● The input
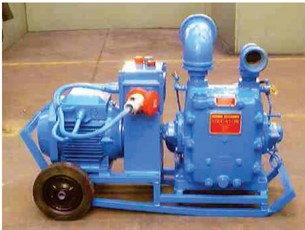
◀ L150 Aluminium direct coupled set complete with starter, mounted on a stretcher frame. Supplied to the Royal Navy for grey water pumping duties.

All sizes of Megator pumps can be supplied as mobile units, on many different types of portable base.
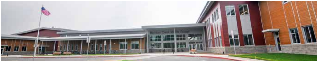
Meridian Creek Middle School was constructed with funds from a capital bond in 2014. A new measure, if approved by voters, would address enrollment growth with several Wilsonville-area projects.

The West Linn-Wilsonville School Board has unanimously approved a resolution authorizing the placement of a $206.8 million capital bond on the November 2019 ballot.
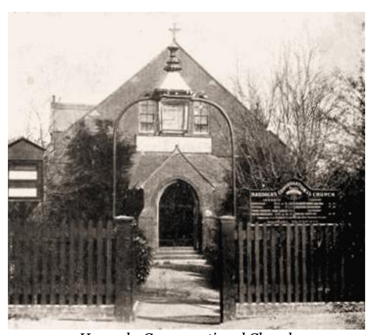
Hassocks Congregational Church
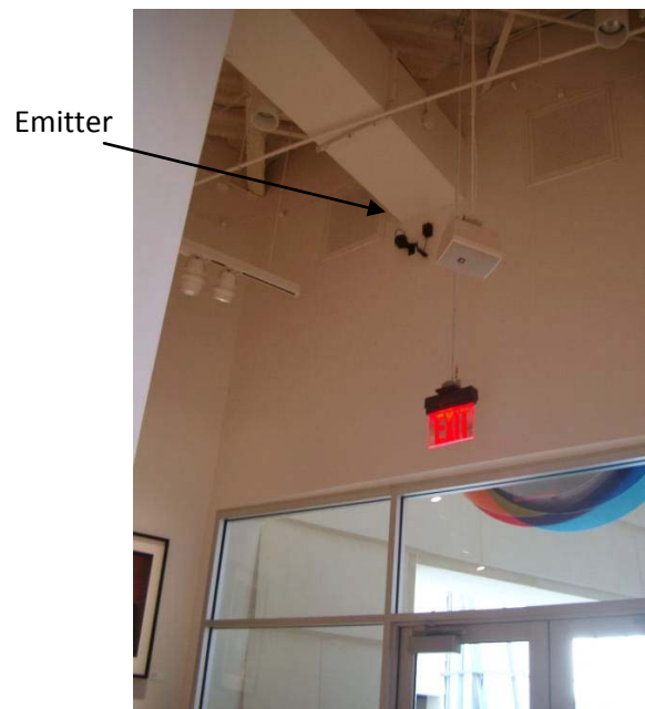
Figure 5: Emitter strategically placed
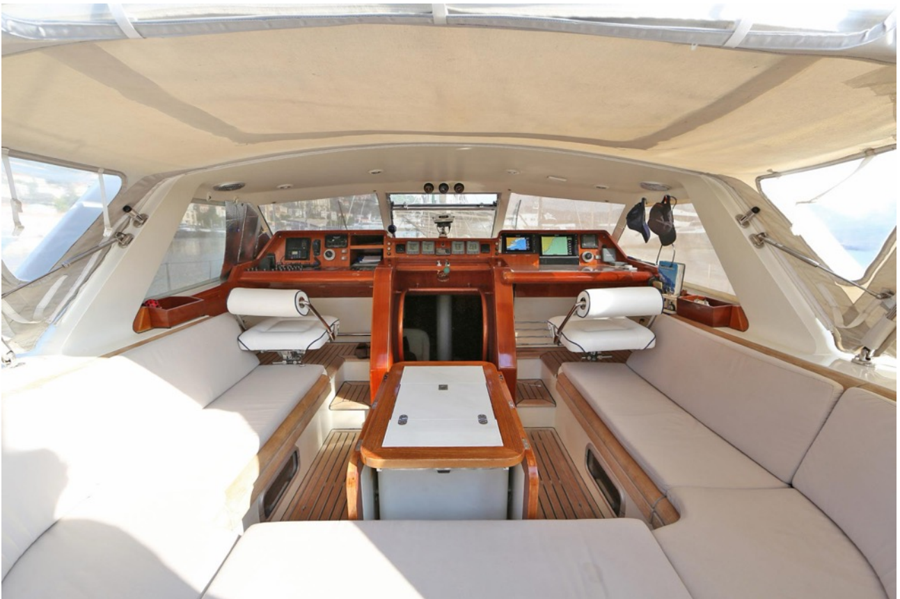
Center cockpit and nav stations
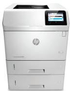
HP LaserJet Enterprise M605x
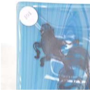
Glass Imagery - 1st Plac...

● Exercise brief
Print every line of the listing exactly, please, and leave the images out.

● Exercise solution
◀ L150 Aluminium direct coupled set complete with starter, mounted on a stretcher frame. Supplied to the Royal Navy for grey water pumping duties.

All sizes of Megator pumps can be supplied as mobile units, on many different types of portable base.
Meridian Creek Middle School was constructed with funds from a capital bond in 2014. A new measure, if approved by voters, would address enrollment growth with several Wilsonville-area projects.

The West Linn-Wilsonville School Board has unanimously approved a resolution authorizing the placement of a $206.8 million capital bond on the November 2019 ballot.
Hassocks Congregational Church
Figure 5: Emitter strategically placed
Center cockpit and nav stations
HP LaserJet Enterprise M605x
Glass Imagery - 1st Plac...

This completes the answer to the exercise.